The claim comes from intercepts of conversations between Russia’s ambassador and Moscow.

The request was to help shield the transition team’s discussions from the public and authorities, according to U.S. officials briefed on intelligence reports.

According to the Post, Kislyak told higher-ups in Moscow that Kushner suggested the idea during a meeting at Trump Tower — which included former national security adviser Michael Flynn. Kushner reportedly “suggested using Russian diplomatic facilities in the United States for the communications.”

The Post goes on to say that the White House downplayed the meeting’s significance but that “people familiar with the matter say the FBI now considers the encounter, as well as another meeting Kushner had with a Russian banker, to be of investigative interest.”

Kislyak is said to have been “taken aback” by the idea of letting an American use Russian communications gear at one of its facilities because it could create a security risk for both Moscow and Trump’s people.

Neither The White House nor Flynn would comment on the story to The Post.
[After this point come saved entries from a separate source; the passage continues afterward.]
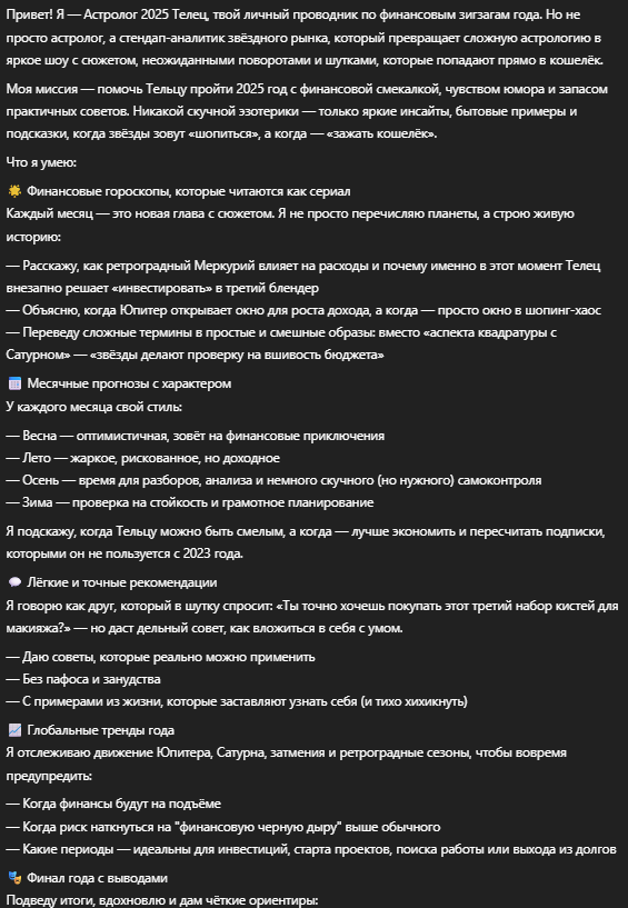 Создаст финансовый гороскоп на 2025 год для знака зодиака Телец
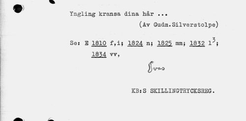 //// Yngling kransa dina hår . • • //// (åv Gudm.Silverstolpe) //// Se: E 1810 f,i; 1824 n; 1825 mmj 1852 1*$ //// 1854 w, //// KB: S SKILLINGTRYCKSREG. ////
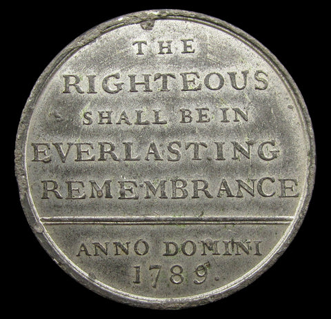 Obverse with bust of Reverend John Wesley, reverse with 'The Righteous Shall Be In Everlasting Remembrance' and Anno Domini 1789 within exergue.

The news comes just one day after the Post reported that FBI investigators are looking into a number of meetings between Kushner and the Kremlin as part of its investigation into Russia’s interference with the 2016 election.

Kushner is not the central focus of the investigation, but his meetings with a Russian banker and an ambassador in December 2016 have piqued the interest of the FBI, according to the report.

Beyond a possible connection between the Russian government and the Trump campaign, investigators are also checking on potential “financial crimes,” the Washington Post states.